NCUA data released this month showed first credit union mortgages amounted to $ 74.6 billion in the three months ending March 31, up 49.5 percent from report in the first quarter of 2020. All lenders’ amounts nearly doubled to $ 1.09 trillion.
Credit unions accounted for 6.8% of first mortgage originations among all lenders in the first quarter, down from 6.4% in the fourth quarter, but down from 8.9% in the first quarter of 2020.
The 10 largest credit union originators in the first quarter produced $ 16.8 billion in first mortgage loans, up 47.4% from the first quarter of 2020. They accounted for 16% of assets credit unions and 23% of first mortgage arrangements. The top 10 were:
1. Federal Navy Credit Union, Vienna, Virginia ($ 144.5 billion in assets, 10.3 million members) recorded $ 5.9 billion in first mortgage originations, up 18.4%.

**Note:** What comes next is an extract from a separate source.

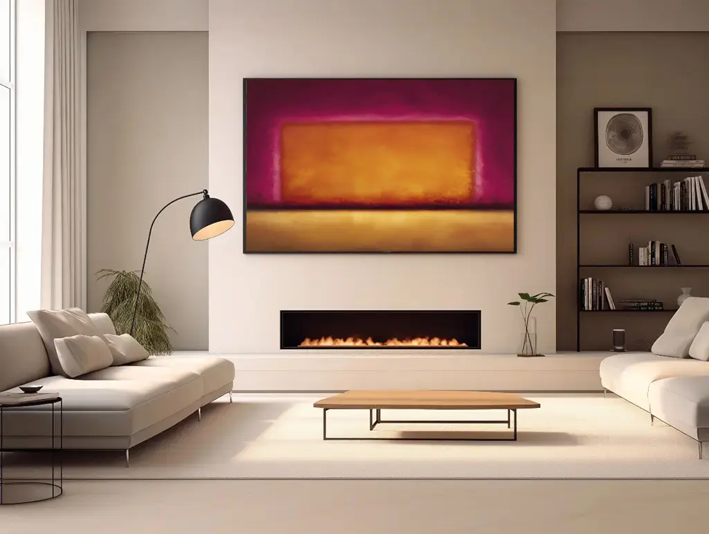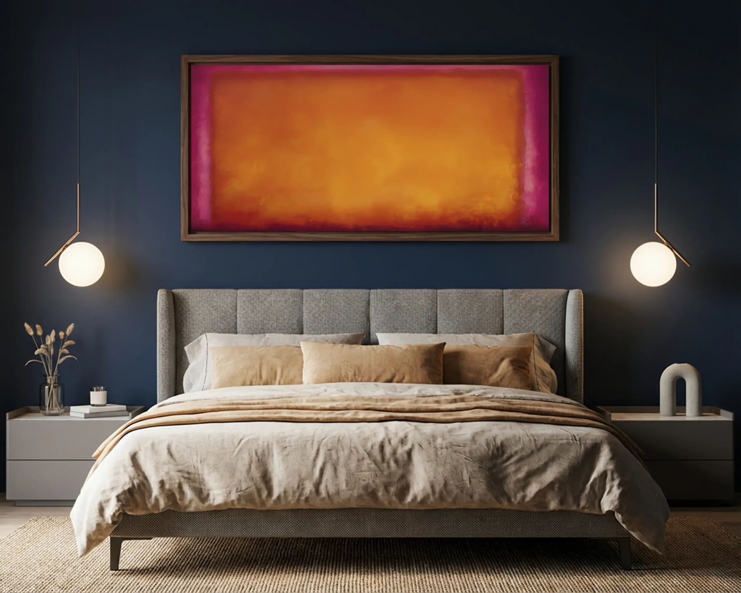 Tableau abstrait hommage à Rothko, centré sur un rectangle orange lumineux flottant sur un fond pourpre profond et une base dorée. Une œuvre puissante et méditative, jouant sur la lumière, la profondeur et l’émotion pure.

2. PenFed Credit Union, Tysons, Va. ($ 27.3 billion, $ 2.2 million) had first mortgage loan origins of $ 2.7 billion, nearly three times more than $ 965.5 million in the first quarter from 2020.
3. The Lake Michigan Credit Union, Grand Rapids, Michigan ($ 10 billion, 406,861) had first mortgage installments of $ 1.6 billion, up 52.8%.
4. The Star One Credit Union, Sunnyvale, Calif. ($ 10.5 billion, 114,286) had first mortgage originations of $ 1.4 billion, a four-fold increase from $ 331.3 million in the first quarter of 2020.
5. People’s Fund for State Employees, Raleigh, North Carolina ($ 49.6 billion, $ 2.6 million) had first mortgage loan installments of $ 913.5 million, down 1.5%.
6. SchoolsFirst Federal Credit Union, Santa Ana, Calif. ($ 25.3 billion, 1.2 million) recorded $ 888 million in first-time mortgage loans, up 4.6%.
7. The Federal First Tech Credit Union, San Jose, Calif. ($ 14.1 billion, 630,286) had first mortgage originations of $ 873.6 million, up 34.8%.
8. Idaho Central Credit Union, Chubbuck, Idaho ($ 7.3 billion, 444,065) had first mortgage loan origins of $ 872.1 million, up 95%.
9. The OnPoint Community Credit Union, Portland, Ore. ($ 8.2 billion, 432,553) recorded first mortgage originations of $ 854.2 million, up 73.2%.
10. BECU, Tukwila, Wash. ($ 28.2 billion, $ 1.3 million) had first mortgage originations of $ 809.7 million, up 8.6%.